Don't turn a blind eye

30th January 2004 at 00:00
The Eating Disorders Association says the prevalence of eating disorders could be as high as 1.15 million in the UK, affecting all ages.

About 10 per cent are male, but the figure may be as high as 25 per cent among school children.

Anorexia and bulimia are most common among young women, generally developing between the ages of 15 and 25, though sometimes seven or eight. Bulimia is rare before the age of 13.

So how can schools help children to overcome any problems?

Do not expect classes informing pupils about eating disorders to have preventative benefits. The best protection against developing eating disorders is the general development of assertiveness and self-esteem.

Staff are the most likely group to benefit from education about eating disorders.

Show respect for meal times and snack times. Provide proper dining hall facilities and encourage provision of balanced meals, water and healthy snacks, rather than rushed, fast-food lunches or allow skipping of meals.

Don't turn a blind eye. Express concerns about overly thin pupils matter-of-factly.

Keep a special eye on athletes, gymnasts, actors and dancers.

Body-conscious subjects have a higher risk of encouraging eating disorders.

Discourage size bullying: extremes of weight are misfortunes, not crimes.

Think twice about taking severely underweight pupils on outward-bound trips or sporting activities.

Do not bend over backwards to accommodate anorexia in school.
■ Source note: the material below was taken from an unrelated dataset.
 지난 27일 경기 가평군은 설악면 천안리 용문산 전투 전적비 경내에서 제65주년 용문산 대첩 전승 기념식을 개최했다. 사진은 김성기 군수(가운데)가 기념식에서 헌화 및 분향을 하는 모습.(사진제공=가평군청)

It may be healthier for a pupil to take a break from exams and other stresses while they recover, rather than continue to sacrifice their health for the sake of achieving high grades. Anorexia can make someone very immature, so they may benefit from repeating a year.
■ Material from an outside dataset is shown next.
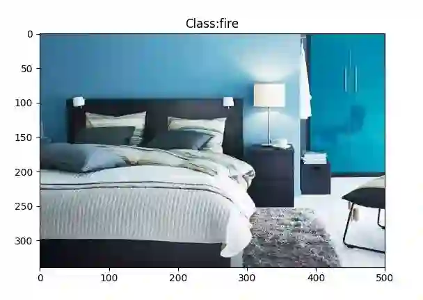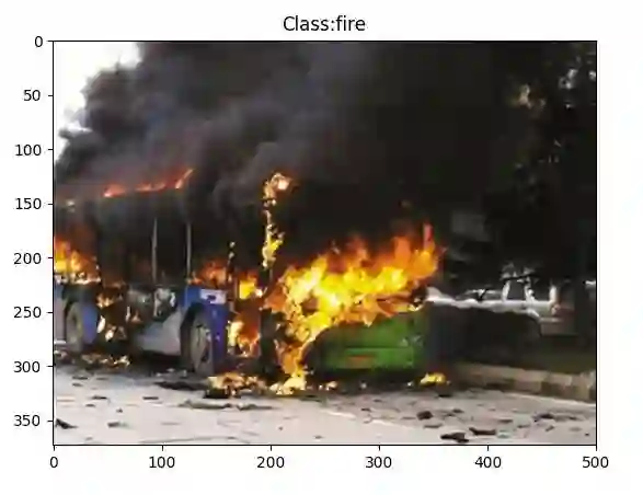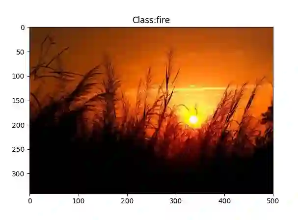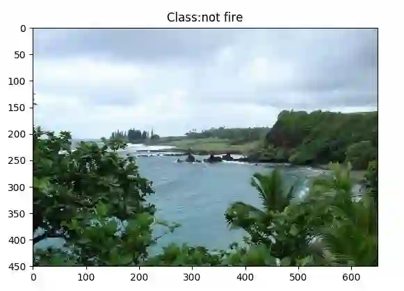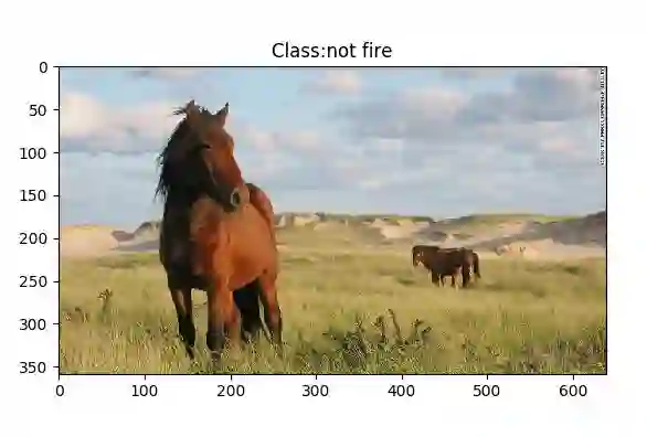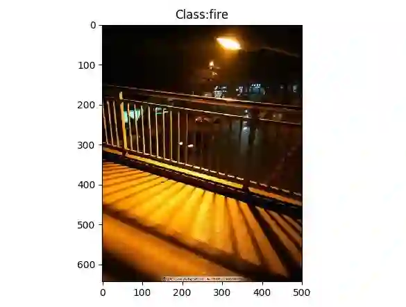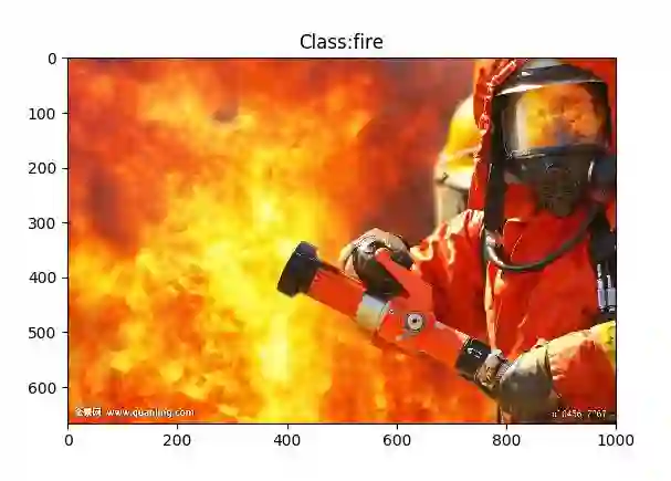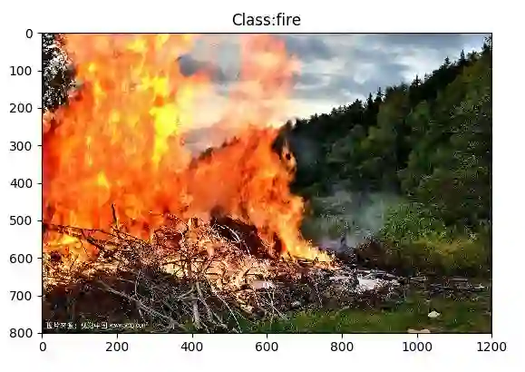 class_name = ['not fire', 'fire']def test_image(path_image, num_class):img_string = tf.read_file(path_image)img_decoded = tf.image.decode_png(img_string, channels=3)img_resized = tf.image.resize_images(img_decoded, [224, 224])img_resized = tf.reshape(img_resized, shape=[1, 224, 224, 3])model = Vgg19(bgr_image=img_resized, num_class=num_class, vgg19_npy_path='./vgg19.npy')score = model.fc8prediction = tf.argmax(score, 1)saver = tf.train.Saver()with tf.Session() as sess:sess.run(tf.global_variables_initializer())"./tmp/checkpoints/model_epoch50.ckpt")plt.imshow(img_decoded.eval()):" + class_name[sess.run(prediction)[0]])plt.show()2)

Schools can't be expected to feed anorexic pupils any more than they would take responsibility for administering medication, but they can facilitate meals. Providing a quiet, secluded room for the pupil to take lunch can be helpful.

Do not give any one particular pupil the role of looking after an anorexic pupil, especially if she or he is a sibling. This is an enormous burden on anyone, especially a teenager.

Strongly encourage pupils with eating disorders and their families to attend treatment sessions and make it easy to take time away from lessons to attend appointments discreetly. Most clinicians will ask for formal permission to communicate with a school: this can help the school and the patient.